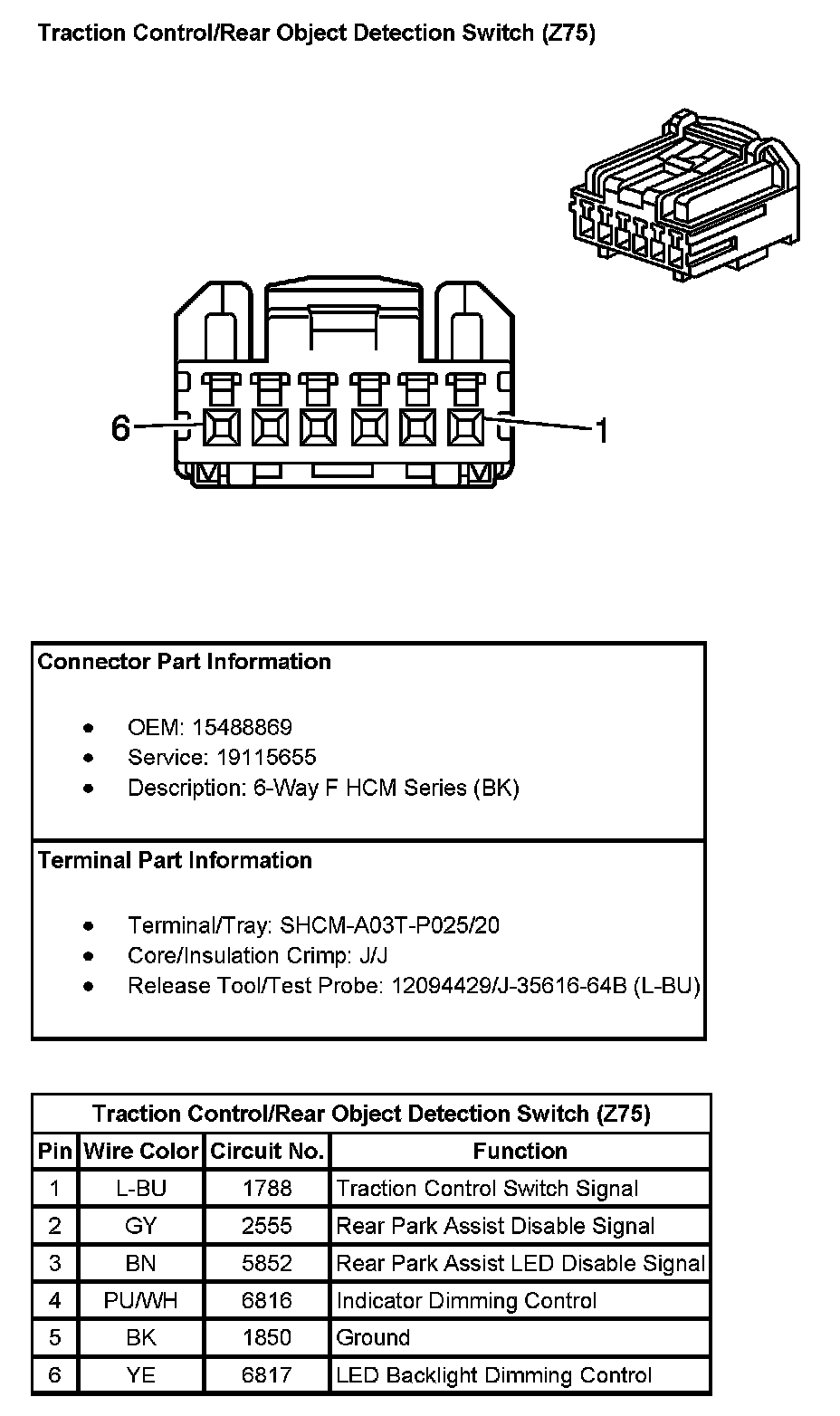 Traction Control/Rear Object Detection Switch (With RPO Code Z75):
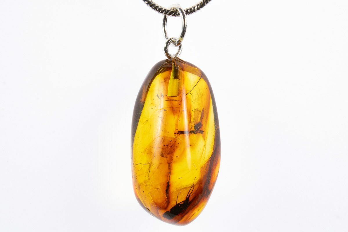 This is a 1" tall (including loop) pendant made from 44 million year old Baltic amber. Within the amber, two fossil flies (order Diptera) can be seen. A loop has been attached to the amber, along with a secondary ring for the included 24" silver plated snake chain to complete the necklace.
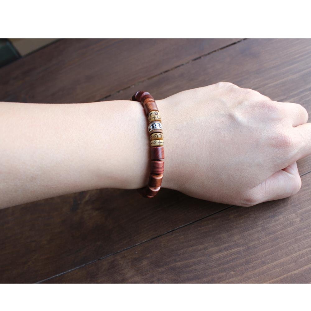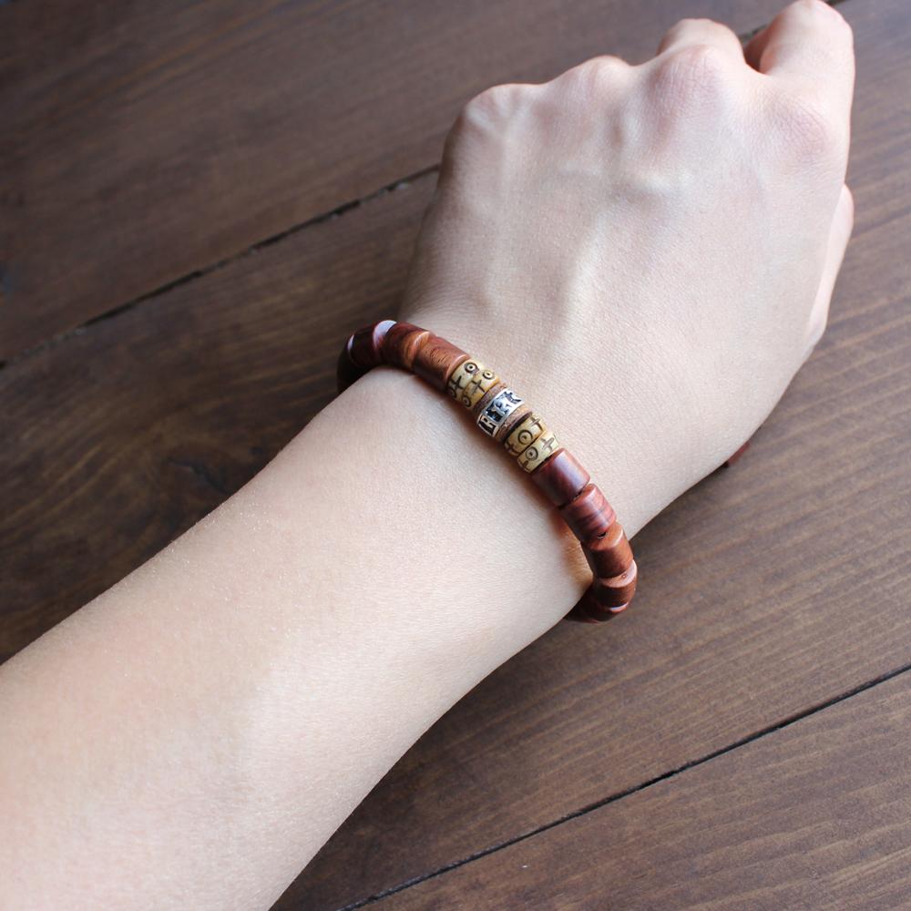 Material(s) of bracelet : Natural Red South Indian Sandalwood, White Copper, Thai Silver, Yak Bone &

· · · · · · ·

• _Prompt_: The line containing "complete the necklace." and every line after it, up to the last line of the data, should be returned exactly, without the pictures.

• _Solution to this task_:
 This is a 1" tall (including loop) pendant made from 44 million year old Baltic amber. Within the amber, two fossil flies (order Diptera) can be seen. A loop has been attached to the amber, along with a secondary ring for the included 24" silver plated snake chain to complete the necklace.
 Material(s) of bracelet : Natural Red South Indian Sandalwood, White Copper, Thai Silver, Yak Bone &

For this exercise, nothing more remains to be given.